The air and water temperature values are shown in Fig. (1). The weather condition of the growing season in 2021 and the past 30 years (Average for 1991-2020) was similar (data not shown). Before the harvest of the main crop, there was a sudden decline in temperature during early August 2021. The chronology of sowing, transplanting, heading, ripening, and harvesting as well as the accumulated temperature and average temperature during heading are given in Table 1. The heading date for the ratoon crop differs throughout the three treatment groups, as the heading in DWT was the earliest and CT was the last. The accumulated temperature across the three treatments, from heading to ripening, shows that DWT was the highest at 474.9 °C, UWT was the second at 454.5 °C and CT was the lowest at 449 °C. The average temperature during the ripening period also differs for each treatment— 16, 21, and 20.8 °C for CT, UWT, and DWT, respectively.
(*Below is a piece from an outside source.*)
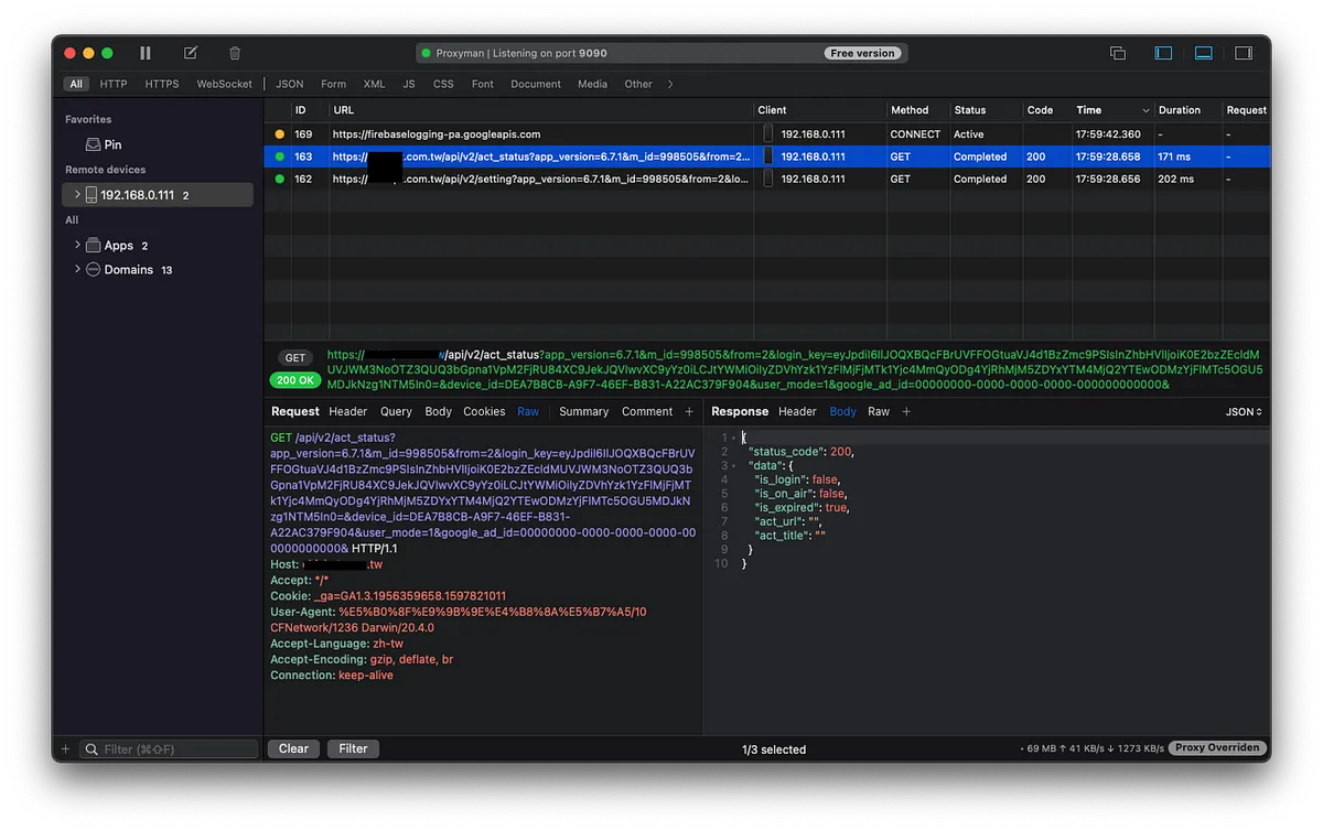 Everything starts with sniffing. For this part, you can refer to the previous articles “APP uses HTTPS transmission, but data is still stolen.” and “Using Python + Google Cloud Platform + Line Bot to automate routine tasks”. The first article explains the principle, and it is recommended to use Proxyman from the second article for sniffing.

3.2. Aboveground Biomass, Yield, and Yield Components

The aboveground biomass, grain yield, and yield components for the three treatments are given in Table 2. In comparison to the main crop season’s data, the ratoon crop’s spikelet number and aboveground biomass were lower. Out of the three water treatments, UWT had a higher grain yield at 17.87 g pot-1 than the other two, which had similar yields. Although the data showed no significant difference, there were some striking trends within the data for each component. The number of spikelets, percentage of ripened grains, 1000-grain weight, and aboveground biomass had the highest values in UWT, at 36, 88, 21.26 g, and 44.71 g pot-1, respectively; while the number of panicles was the highest in DWT, at 31. Furthermore, during the ratoon crop season, the spikelet number differed significantly between UWT, at 36, and both CT and DWT, at 25. 1000-grain weight values were also significantly different between UWT, at 21.26 g, and DWT, at 19.71g. UWT had the highest yield rate, followed by CT and DWT, which had similar rates.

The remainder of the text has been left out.